Ok, so from the front page I got the impression it was only bash. I'm hitting cloud APIs via python so Jupyter works for that, and I'm using the python to ssh into systems and run bash there. The two missing things from Jupyter are 1. ssh-ing to remote hosts and running shell scripts (we do it with a bunch of code) and 2. running cells concurrently. But python is a hard requirement.
I've just added the currently supported languages you can execute to runme.dev in the features section (Javascript, Typescript, Shell, Lua, Perl, Python and Ruby for now). Also, the Runme CLI (https://github.com/stateful/runme) also supports running cells in parallel with `runme run -all -p`.
We'd be interested to know how we can help Runme satisfy your use cases, join us on Discord! https://discord.gg/runme
I wonder if you'd get some mileage from my https://p3rl.org/Object::Remote module (or at least stealing the ideas therein ;) - it effectively applies https://p3rl.org/App::FatPacker on-demand over the wire so the remote code can use any (pure perl) module you've got installed locally without needing to be able to write to the disk.

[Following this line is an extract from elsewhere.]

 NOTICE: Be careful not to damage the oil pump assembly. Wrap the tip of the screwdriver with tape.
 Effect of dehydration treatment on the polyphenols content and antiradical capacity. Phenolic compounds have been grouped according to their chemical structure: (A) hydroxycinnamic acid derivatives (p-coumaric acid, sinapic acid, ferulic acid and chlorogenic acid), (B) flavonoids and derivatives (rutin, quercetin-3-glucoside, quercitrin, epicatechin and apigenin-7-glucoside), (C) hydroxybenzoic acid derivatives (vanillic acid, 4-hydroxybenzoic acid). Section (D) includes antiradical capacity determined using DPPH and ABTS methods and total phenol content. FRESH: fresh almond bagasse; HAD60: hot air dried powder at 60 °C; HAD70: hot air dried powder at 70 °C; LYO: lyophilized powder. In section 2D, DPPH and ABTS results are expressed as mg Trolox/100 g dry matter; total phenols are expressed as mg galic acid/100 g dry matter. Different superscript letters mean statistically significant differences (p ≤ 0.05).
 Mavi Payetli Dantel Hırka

(at https://shadow.cat/ we use it to investigate things on new customers' platforms with only an ssh login and a perl core install as requirements, along with as an ad-hoc "I need to run this on lots of machines without being intrusive" tool)
VS Code can attach to VMs via SSH and the notebooks will transparently run on the remote host. Python works out of the box as mentioned. I’m a co-creator of Runme btw.

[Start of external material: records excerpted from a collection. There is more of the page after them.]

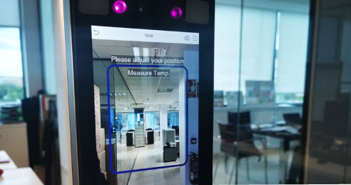 - Acceso facial con detección de temperatura
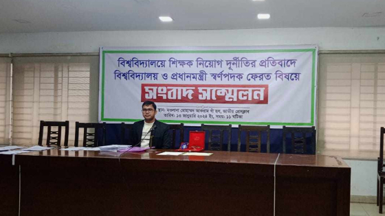 দেশের বিভিন্ন বিশ্ববিদ্যালয়ে শিক্ষক নিয়োগে দুর্নীতি, অনিয়ম ও স্বজনপ্রীতির প্রতিবাদে ‘প্রধানমন্ত্রী স্বর্ণপদক’ প্রত্যাখ্যানের ঘোষণা দিয়েছেন মো. নূরুল হুদা নামে একজন আইনজীবী। তিনি রাজশাহী বিশ্ববিদ্যালয়ের আইন বিভাগ থেকে কৃতিত্বপূর্ণ ফল নিয়ে স্নাতক ও স্নাতকোত্তর শেষ করেছেন।
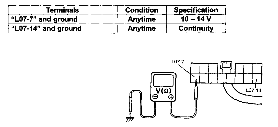 3. Check that the voltage and resistance between the following terminals are specifications. If check result is satisfactory, this circuit is OK.
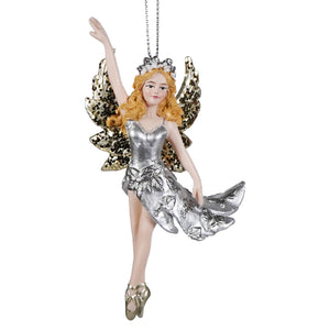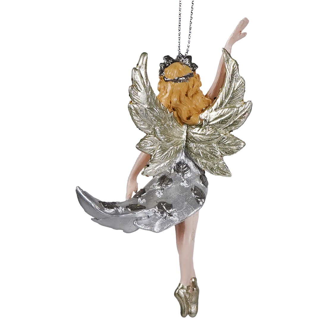 Stretching out behind her are two glistening wings, each flecked with silver and gold. Her calm figure is given a fanciful touch by the wings, which makes her a remarkable addition to any holiday collection.
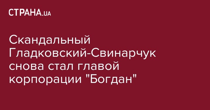Занимавший должность первого заместителя секретаря Совета национальной безопасности и обороны (СНБО) до марта 2019 года Олег Гладковский снова стал главой корпорации "Богдан", которую он возглавлял с момента ее создания в 2005 году до того, как стал госслужащим, передает Интерфакс-Украина.

Interactive Runbooks exist in some sort of tech-debt limbo where you have enough time to write a nice little runbook but apparently not enough time to properly automate whatever the task is. Ideally automation is easy and all change flows through a SDLC and you get all the nice things that come from that (testing for one). Instead companies build these cybernetic business processes via these adhoc notebooks to manually poke and prod production. This kinda made sense when they were these low-effort throw away things for rare events or short-term triage but now they're kinda-sorta code but without tests or reusability (or maybe you even further down the crazy well and write libraries and tests for your notebooks at which point you're really investing in the cybernetic operational model, and like, why?).